DIRECTIONS: Check each line of the entries below for the string "jest"; copy every line where it appears.

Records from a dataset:
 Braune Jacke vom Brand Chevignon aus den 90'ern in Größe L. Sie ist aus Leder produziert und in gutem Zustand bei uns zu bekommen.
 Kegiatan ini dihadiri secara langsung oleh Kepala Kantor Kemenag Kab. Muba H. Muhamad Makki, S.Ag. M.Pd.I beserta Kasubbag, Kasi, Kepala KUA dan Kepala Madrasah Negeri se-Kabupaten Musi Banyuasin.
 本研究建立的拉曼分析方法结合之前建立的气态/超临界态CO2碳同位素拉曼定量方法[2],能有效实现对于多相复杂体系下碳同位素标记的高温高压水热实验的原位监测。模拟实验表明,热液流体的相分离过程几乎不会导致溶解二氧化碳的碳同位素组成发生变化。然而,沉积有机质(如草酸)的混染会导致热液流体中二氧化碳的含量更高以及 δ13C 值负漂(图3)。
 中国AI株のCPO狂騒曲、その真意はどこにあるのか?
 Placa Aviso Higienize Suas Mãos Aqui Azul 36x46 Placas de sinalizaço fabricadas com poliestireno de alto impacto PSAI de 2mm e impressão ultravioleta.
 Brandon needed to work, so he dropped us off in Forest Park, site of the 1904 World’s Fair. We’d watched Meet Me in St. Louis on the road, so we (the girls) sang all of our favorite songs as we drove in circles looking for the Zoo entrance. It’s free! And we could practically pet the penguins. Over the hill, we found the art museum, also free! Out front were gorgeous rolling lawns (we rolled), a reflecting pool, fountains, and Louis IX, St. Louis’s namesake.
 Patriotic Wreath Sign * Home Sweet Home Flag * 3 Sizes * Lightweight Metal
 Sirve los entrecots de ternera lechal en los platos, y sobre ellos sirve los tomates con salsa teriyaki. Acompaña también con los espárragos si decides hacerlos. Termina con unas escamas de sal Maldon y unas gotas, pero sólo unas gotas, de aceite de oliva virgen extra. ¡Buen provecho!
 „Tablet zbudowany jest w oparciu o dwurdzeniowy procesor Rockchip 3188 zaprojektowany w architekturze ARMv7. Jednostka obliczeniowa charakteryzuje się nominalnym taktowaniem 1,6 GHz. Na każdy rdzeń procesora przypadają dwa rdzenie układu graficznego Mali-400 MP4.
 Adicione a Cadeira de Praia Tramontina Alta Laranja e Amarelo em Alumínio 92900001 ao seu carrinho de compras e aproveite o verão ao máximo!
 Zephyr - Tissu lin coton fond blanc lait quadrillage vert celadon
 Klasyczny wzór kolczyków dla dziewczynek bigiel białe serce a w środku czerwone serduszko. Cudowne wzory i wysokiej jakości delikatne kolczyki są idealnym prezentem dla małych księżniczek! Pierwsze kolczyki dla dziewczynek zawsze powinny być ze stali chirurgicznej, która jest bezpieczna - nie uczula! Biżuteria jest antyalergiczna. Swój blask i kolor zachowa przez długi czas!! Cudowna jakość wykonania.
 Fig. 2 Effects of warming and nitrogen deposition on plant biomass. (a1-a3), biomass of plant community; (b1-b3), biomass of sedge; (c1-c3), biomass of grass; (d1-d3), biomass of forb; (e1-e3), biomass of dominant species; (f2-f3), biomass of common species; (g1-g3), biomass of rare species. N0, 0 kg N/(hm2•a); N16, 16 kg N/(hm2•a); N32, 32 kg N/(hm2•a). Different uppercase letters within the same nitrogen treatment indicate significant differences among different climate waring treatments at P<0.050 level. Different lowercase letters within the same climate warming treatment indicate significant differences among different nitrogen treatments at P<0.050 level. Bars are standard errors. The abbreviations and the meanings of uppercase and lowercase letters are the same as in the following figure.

FINISHED EXERCISE:
 „Tablet zbudowany jest w oparciu o dwurdzeniowy procesor Rockchip 3188 zaprojektowany w architekturze ARMv7. Jednostka obliczeniowa charakteryzuje się nominalnym taktowaniem 1,6 GHz. Na każdy rdzeń procesora przypadają dwa rdzenie układu graficznego Mali-400 MP4.
 Klasyczny wzór kolczyków dla dziewczynek bigiel białe serce a w środku czerwone serduszko. Cudowne wzory i wysokiej jakości delikatne kolczyki są idealnym prezentem dla małych księżniczek! Pierwsze kolczyki dla dziewczynek zawsze powinny być ze stali chirurgicznej, która jest bezpieczna - nie uczula! Biżuteria jest antyalergiczna. Swój blask i kolor zachowa przez długi czas!! Cudowna jakość wykonania.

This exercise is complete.